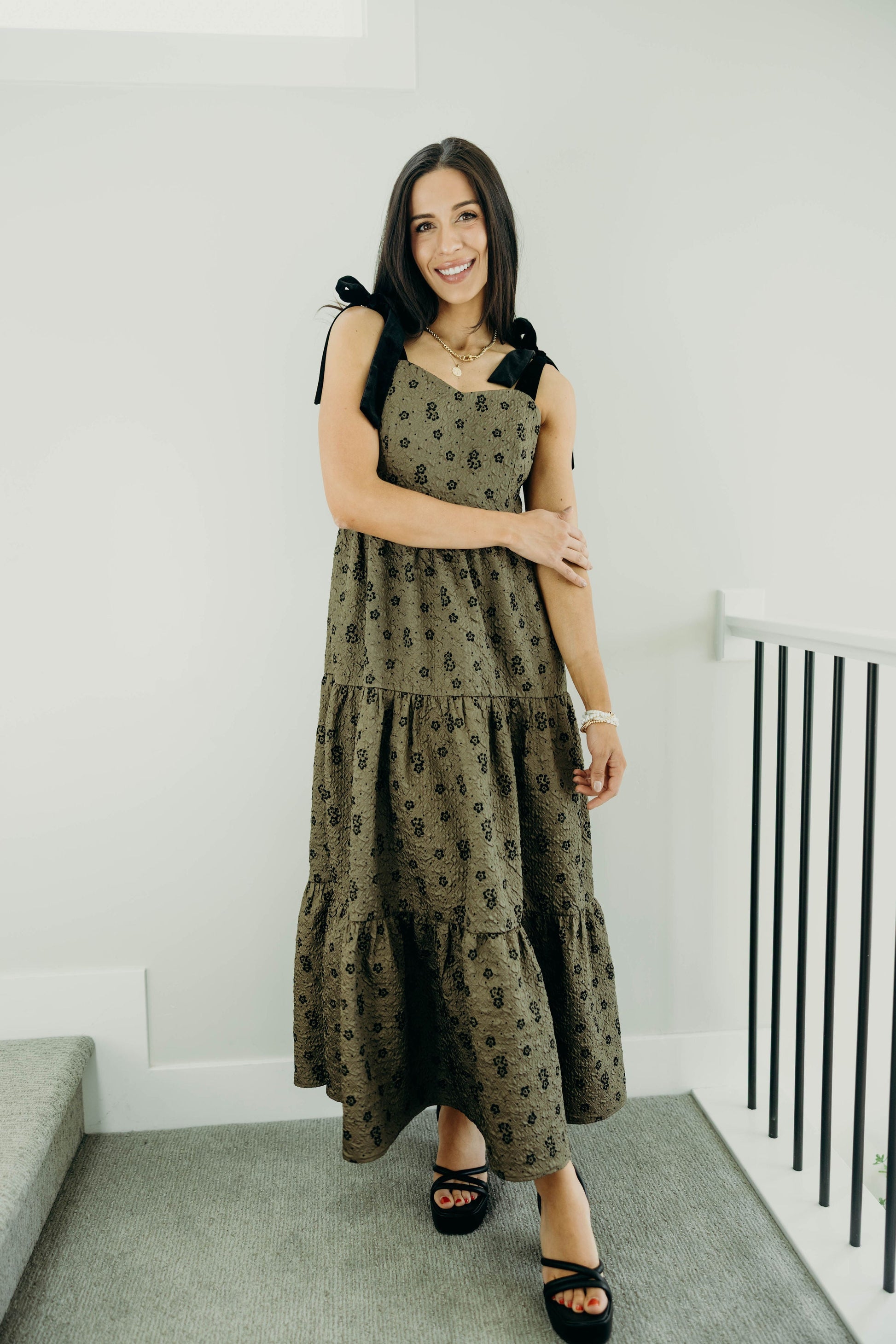 Midi length overall dress with tiered skirt, sweetheart neckline, velvet shoulder ties, and zipper closure.
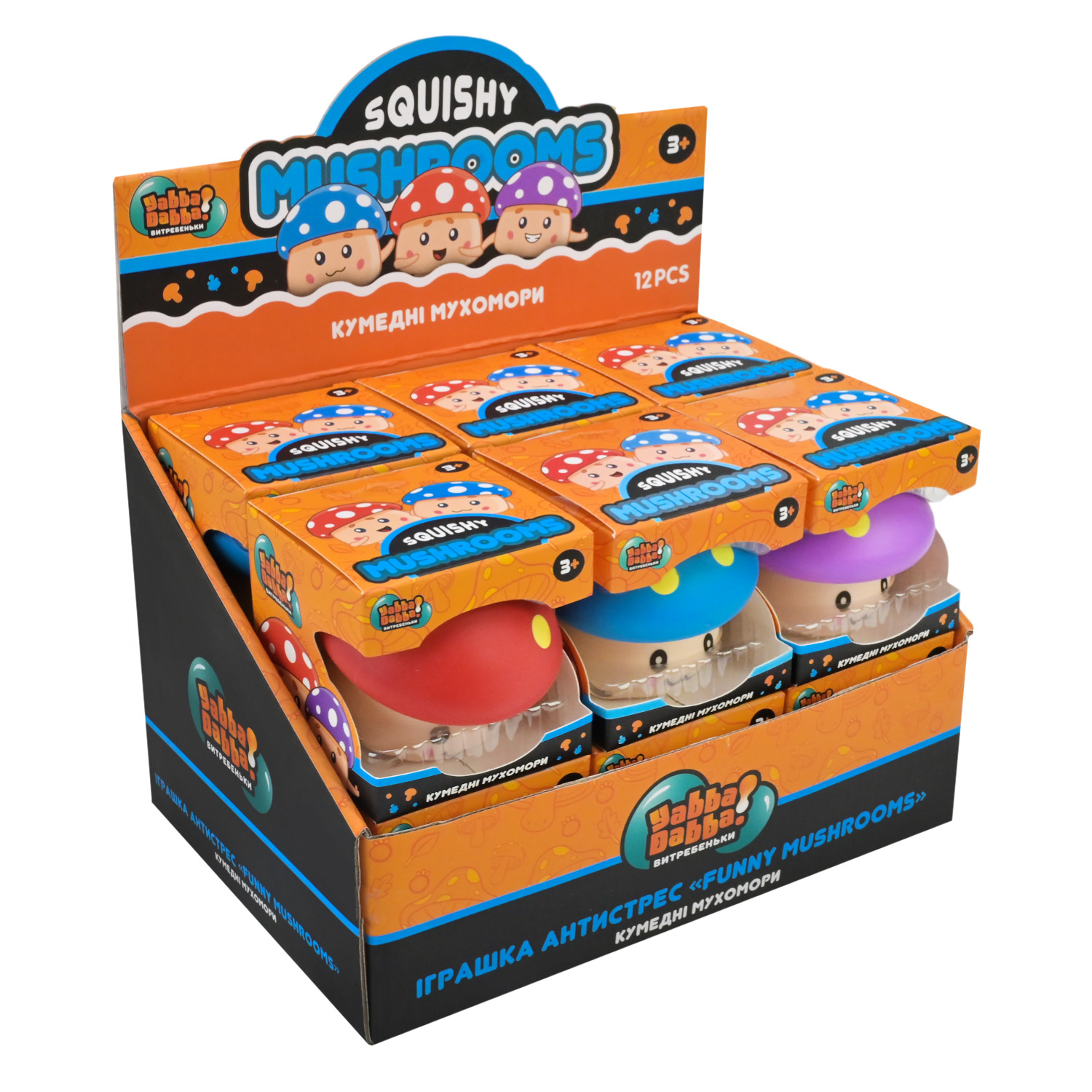 Антистрес YabbaDabba арт. YD2523 (72шт) грибочок 6см 3 кольори 12шт короб. 6,5*6,5*6,5см, дисплей 21*14*15см
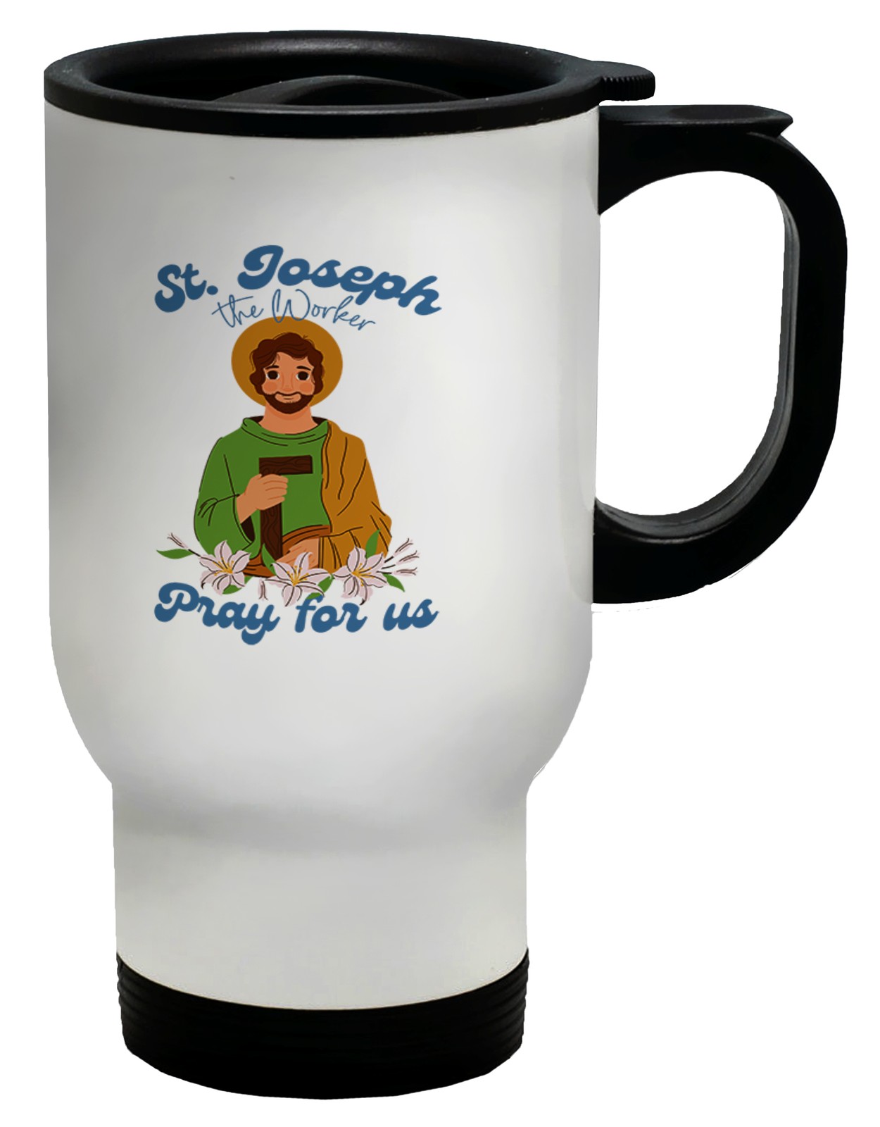 St Joseph The Worker Pray for Us Travel Mug Cup Gift White
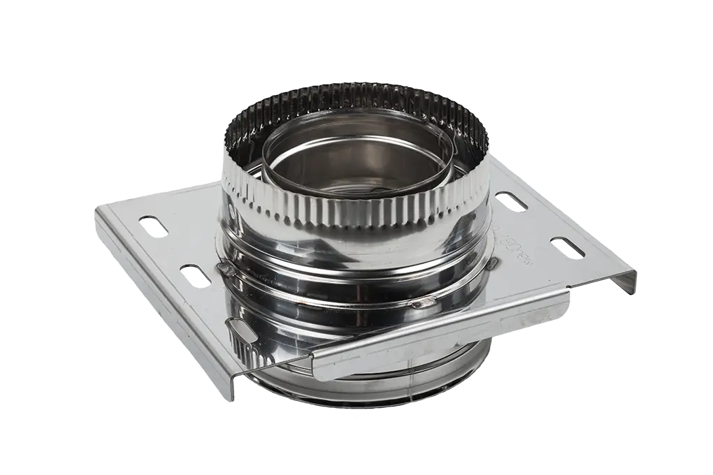 Платформа розвантажувальна для утеплення димоходу (сендвіч) встановлюється на кронштейни з нержавіючої сталі і служить опорою для вертикальної частини димоходу. Зверху на розвантажувальну платформу можна встановити трійник або ревізію, знизу одягається лійка і дека, які при необхідності можна зняти і обслужити димар. Також платформа на кронштейнах встановлюється через кожні 5м висоти димаря з нержавіючої сталі для розподілу ваги конструкції.
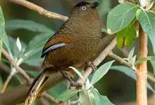 蓝翅噪鹛:噪鹛科、彩翼噪鹛属动物。中型鸟类,体长22-25厘米。上体棕橄榄褐色密被黑色鳞状斑,眼蓝白色,眼上有一长而宽阔的黑色眉纹,从眼先直到颈侧。下体棕褐色被黑色鳞状斑;尾上和尾上覆羽栗色,…全部>>
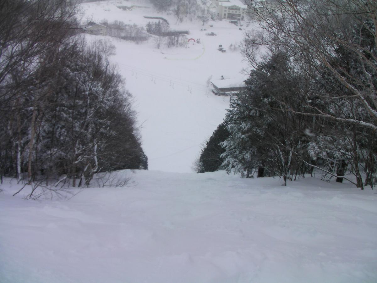 丁度中間辺りを滑る感じのコース取りで滑ってみました。だんだん天候が怪しくなってきましたorz
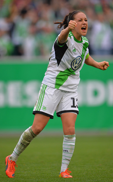 5-летняя Надин Ангерер защищает цвета сборной Германии с 1996 года и пока не дает повода усомниться в своем высоком уровне – 135 матчей в составе бундестим, семь чемпионских титулов на первенствах Европы и мира и "Золотой мяч" ФИФА 2013 года. При этом Надин по-европейски открыта к отношениям как с мужчинами, так и с женщинами.
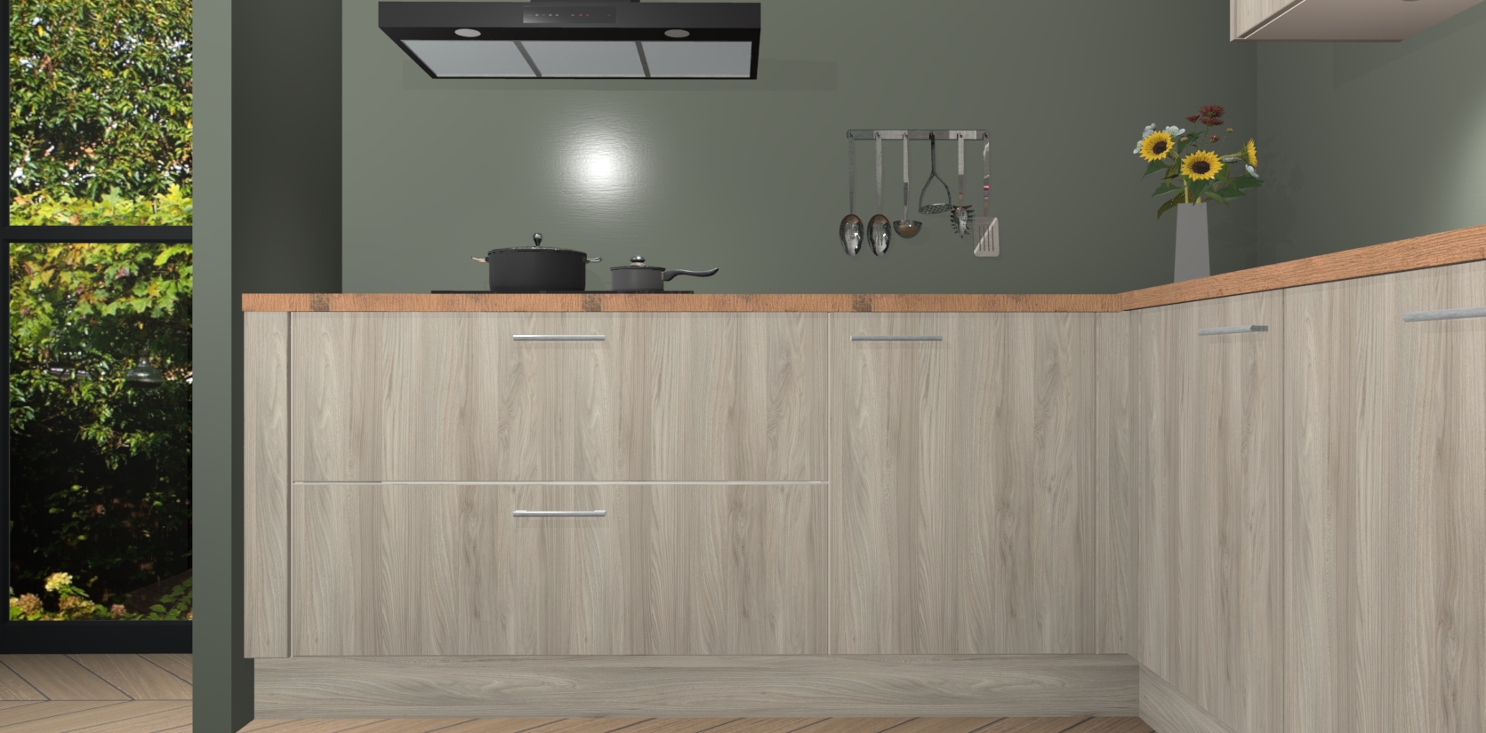 Inclusief plinten, stelpoten en werkblad
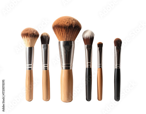 A collection of various makeup brushes, displayed against a black backdrop, showcasing diverse sizes and bristle textures.
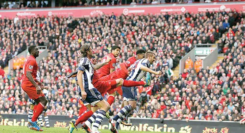 وأضاف سواريز الهدف الثاني بضربة رأسية من حافة المنطقة إثر تمريرة عرضية من الفرنسي علي سيسوكو أسكنها مرمى الحارس ميهيل في الدقيقة 17. وأهدر المدافع التشيكي مارتن سكيرتل فرصة التعزيز بالثالث عندما تلقى كرة من القائد ستيفن جيرارد داخل المنطقة ففشل في متابعتها داخل المرمى. وأنقذ سكيرتل مرماه من هدف محقق عندما أبعد كرة الدولي الفرنسي السابق ومهاجم ليفربول سابقا نيكولا أنيلكا من باب المرمى. وحقق سواريز الهاتريك بضربة رأسية من مسافة قريبة إثر ركلة حرة جانبية انبرى لها القائد جيرارد في الدقيقة 54. وردت العارضة تسديدة قوية لدانيال ستوريدج في الدقيقة 58. وحصل الضيوف على ركلة جزاء إثر عرقلة بيلي جونز داخل المنطقة من قبل البرازيلي لوكالس ليفا والفرنسي مامادو ساكو، فانبرى لها موريسون بقوة داخل المرمى في الدقيقة 66. وأعاد ستوريدج الفارق إلى سابق عهده بتسديدة ساقطة مميزة من خارج المنطقة في الدقيقة 79. وثأر ليفربول لخسارتيه ذهابا وايابا أمام وست بروميتش ألبيون الموسم الماضي.
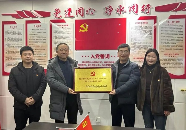 2024開(kāi)工伊始,雙鳳經(jīng)開(kāi)區(qū)企業(yè)黨委書(shū)記朱正彪和黨建指導(dǎo)員陶如生親臨榮事達(dá)水工業(yè),授予2023年度市級(jí)“雙強(qiáng)六好”非公企業(yè)黨組織榮譽(yù)銅牌。公司總裁支新郁和黨支部負(fù)責(zé)人肖曉曉熱情接待。
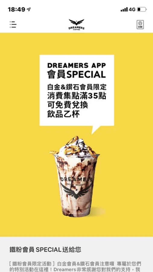 會員註冊後可修改會員資料、查看優惠券匣及消費紀錄等;消費時出示會員卡條碼即可進行累點,會員累積之點數可兌換優惠券,給您各種好康優惠!

---

[GOAL OF THE EXERCISE] Please reproduce the entries above exactly, from their first line to the line holding "وأضاف سواريز الهدف" inclusive, and nothing else; the pictures stay out.

[RESULT]
 Midi length overall dress with tiered skirt, sweetheart neckline, velvet shoulder ties, and zipper closure.
 Антистрес YabbaDabba арт. YD2523 (72шт) грибочок 6см 3 кольори 12шт короб. 6,5*6,5*6,5см, дисплей 21*14*15см
 St Joseph The Worker Pray for Us Travel Mug Cup Gift White
 Платформа розвантажувальна для утеплення димоходу (сендвіч) встановлюється на кронштейни з нержавіючої сталі і служить опорою для вертикальної частини димоходу. Зверху на розвантажувальну платформу можна встановити трійник або ревізію, знизу одягається лійка і дека, які при необхідності можна зняти і обслужити димар. Також платформа на кронштейнах встановлюється через кожні 5м висоти димаря з нержавіючої сталі для розподілу ваги конструкції.
 蓝翅噪鹛:噪鹛科、彩翼噪鹛属动物。中型鸟类,体长22-25厘米。上体棕橄榄褐色密被黑色鳞状斑,眼蓝白色,眼上有一长而宽阔的黑色眉纹,从眼先直到颈侧。下体棕褐色被黑色鳞状斑;尾上和尾上覆羽栗色,…全部>>
 丁度中間辺りを滑る感じのコース取りで滑ってみました。だんだん天候が怪しくなってきましたorz
 5-летняя Надин Ангерер защищает цвета сборной Германии с 1996 года и пока не дает повода усомниться в своем высоком уровне – 135 матчей в составе бундестим, семь чемпионских титулов на первенствах Европы и мира и "Золотой мяч" ФИФА 2013 года. При этом Надин по-европейски открыта к отношениям как с мужчинами, так и с женщинами.
 Inclusief plinten, stelpoten en werkblad
 A collection of various makeup brushes, displayed against a black backdrop, showcasing diverse sizes and bristle textures.
 وأضاف سواريز الهدف الثاني بضربة رأسية من حافة المنطقة إثر تمريرة عرضية من الفرنسي علي سيسوكو أسكنها مرمى الحارس ميهيل في الدقيقة 17. وأهدر المدافع التشيكي مارتن سكيرتل فرصة التعزيز بالثالث عندما تلقى كرة من القائد ستيفن جيرارد داخل المنطقة ففشل في متابعتها داخل المرمى. وأنقذ سكيرتل مرماه من هدف محقق عندما أبعد كرة الدولي الفرنسي السابق ومهاجم ليفربول سابقا نيكولا أنيلكا من باب المرمى. وحقق سواريز الهاتريك بضربة رأسية من مسافة قريبة إثر ركلة حرة جانبية انبرى لها القائد جيرارد في الدقيقة 54. وردت العارضة تسديدة قوية لدانيال ستوريدج في الدقيقة 58. وحصل الضيوف على ركلة جزاء إثر عرقلة بيلي جونز داخل المنطقة من قبل البرازيلي لوكالس ليفا والفرنسي مامادو ساكو، فانبرى لها موريسون بقوة داخل المرمى في الدقيقة 66. وأعاد ستوريدج الفارق إلى سابق عهده بتسديدة ساقطة مميزة من خارج المنطقة في الدقيقة 79. وثأر ليفربول لخسارتيه ذهابا وايابا أمام وست بروميتش ألبيون الموسم الماضي.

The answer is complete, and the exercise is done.